As expected, we see a mix of fast-spiking and regular-spiking waveforms, in contrast to the primarily fast-spiking waveforms of the Parvalbumin+ units.

Now, let's take a look at light-evoked activity in a VIP-Cre mouse:

In [22]:
vip_sessions = sessions[sessions.full_genotype.str.match('Vip')]

session = cache.get_session_data(vip_sessions.index.values[-1])
In [23]:
trials = session.optogenetic_stimulation_epochs[(session.optogenetic_stimulation_epochs.duration > 0.009) & \
                                                (session.optogenetic_stimulation_epochs.duration < 0.02)]

units = session.units[session.units.ecephys_structure_acronym.str.match('VIS')]

bin_edges = np.arange(-0.01, 0.025, 0.0005)
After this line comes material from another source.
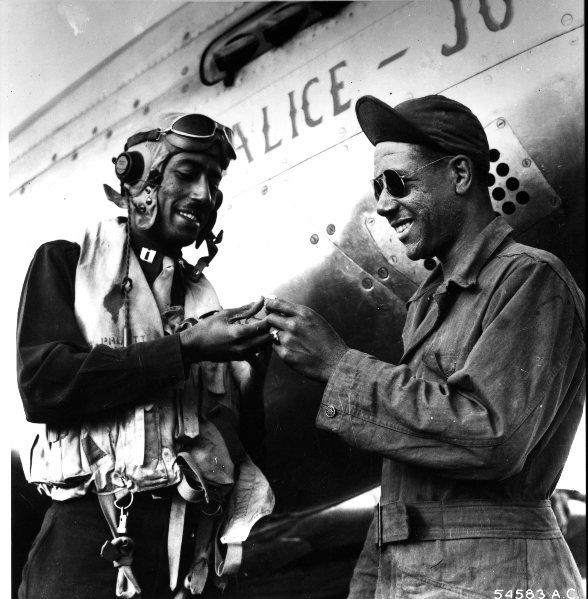 Capt. Wendell Pruit (left) confers with his crew chief next to his P-51 Mustang Alice Jo.

da = optotagging_spike_counts(bin_edges, trials, units)
In [24]:
plot_optotagging_response(da)

This response looks much different than the examples above. There is only one unit (out of more than 350 in cortex) that is obviously responding to the 10 ms light pulse. Even though the yield for VIP-Cre mice is extremely low, these units will be extremely valuable to analyze. If we can characterize the stereotypical firing patterns displayed by labeled VIP+ interneurons, we may be able to identify them in unlabeled recordings.